• [TASK DIRECTIONS] Copy word for word the lines of the records below, beginning at the one with "Profesionální manikúra v" and finishing at the one with "매트에 플랭크 자세로", ends included, but none of the pictures.

• [TASK MATERIAL]
******************************

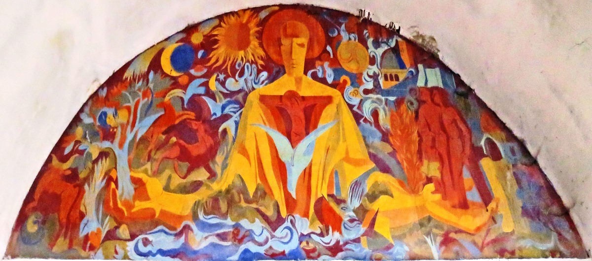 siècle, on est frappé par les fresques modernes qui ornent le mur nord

******************************

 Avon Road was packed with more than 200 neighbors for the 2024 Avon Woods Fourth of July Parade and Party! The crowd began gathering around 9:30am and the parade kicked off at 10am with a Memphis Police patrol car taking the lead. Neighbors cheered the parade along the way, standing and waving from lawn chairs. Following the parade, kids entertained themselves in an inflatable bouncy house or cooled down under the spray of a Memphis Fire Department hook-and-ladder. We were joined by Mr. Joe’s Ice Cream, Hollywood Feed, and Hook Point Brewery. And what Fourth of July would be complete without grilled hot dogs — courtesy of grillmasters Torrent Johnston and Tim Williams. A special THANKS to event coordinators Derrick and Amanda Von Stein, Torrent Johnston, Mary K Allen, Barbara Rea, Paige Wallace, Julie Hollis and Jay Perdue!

******************************

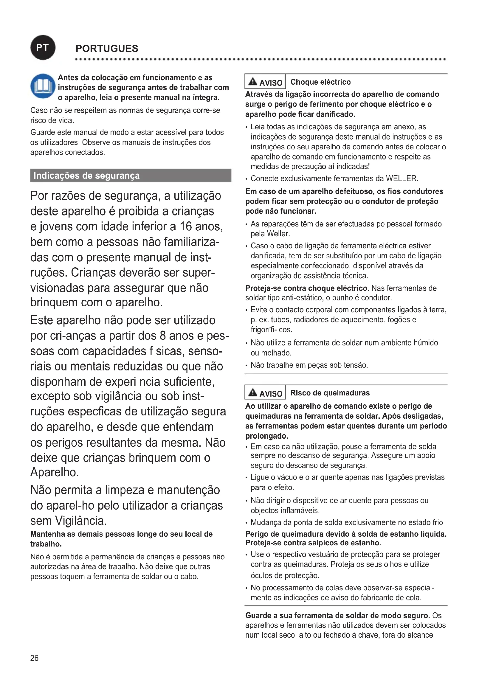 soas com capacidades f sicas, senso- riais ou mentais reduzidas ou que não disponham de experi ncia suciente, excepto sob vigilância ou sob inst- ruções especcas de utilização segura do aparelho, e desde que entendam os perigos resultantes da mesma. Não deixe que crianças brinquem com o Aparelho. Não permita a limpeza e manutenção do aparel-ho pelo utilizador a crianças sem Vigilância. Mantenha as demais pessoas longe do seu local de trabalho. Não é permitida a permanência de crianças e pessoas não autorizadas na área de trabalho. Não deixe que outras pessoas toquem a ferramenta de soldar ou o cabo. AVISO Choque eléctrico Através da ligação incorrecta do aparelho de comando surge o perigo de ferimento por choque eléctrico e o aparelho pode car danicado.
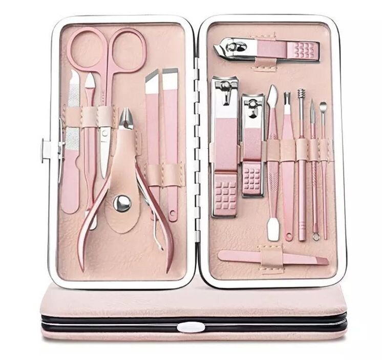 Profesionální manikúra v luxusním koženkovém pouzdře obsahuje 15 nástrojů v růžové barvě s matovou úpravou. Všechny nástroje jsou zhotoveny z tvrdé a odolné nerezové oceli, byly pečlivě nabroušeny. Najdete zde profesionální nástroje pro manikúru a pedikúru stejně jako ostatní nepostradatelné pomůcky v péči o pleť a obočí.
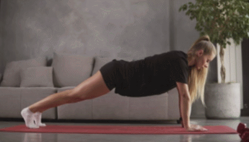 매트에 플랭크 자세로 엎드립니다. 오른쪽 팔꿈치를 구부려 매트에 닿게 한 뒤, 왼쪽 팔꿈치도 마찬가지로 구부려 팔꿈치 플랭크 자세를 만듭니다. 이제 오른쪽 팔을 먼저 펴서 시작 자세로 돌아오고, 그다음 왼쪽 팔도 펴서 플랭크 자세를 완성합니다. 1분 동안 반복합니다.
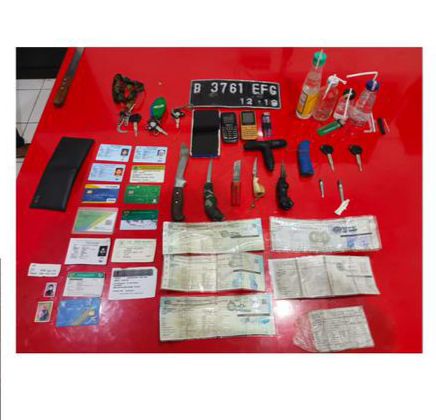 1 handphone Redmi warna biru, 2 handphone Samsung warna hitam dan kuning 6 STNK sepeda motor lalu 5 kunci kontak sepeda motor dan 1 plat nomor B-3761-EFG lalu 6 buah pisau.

******************************

• [EXERCISE SOLUTION]
 Profesionální manikúra v luxusním koženkovém pouzdře obsahuje 15 nástrojů v růžové barvě s matovou úpravou. Všechny nástroje jsou zhotoveny z tvrdé a odolné nerezové oceli, byly pečlivě nabroušeny. Najdete zde profesionální nástroje pro manikúru a pedikúru stejně jako ostatní nepostradatelné pomůcky v péči o pleť a obočí.
 매트에 플랭크 자세로 엎드립니다. 오른쪽 팔꿈치를 구부려 매트에 닿게 한 뒤, 왼쪽 팔꿈치도 마찬가지로 구부려 팔꿈치 플랭크 자세를 만듭니다. 이제 오른쪽 팔을 먼저 펴서 시작 자세로 돌아오고, 그다음 왼쪽 팔도 펴서 플랭크 자세를 완성합니다. 1분 동안 반복합니다.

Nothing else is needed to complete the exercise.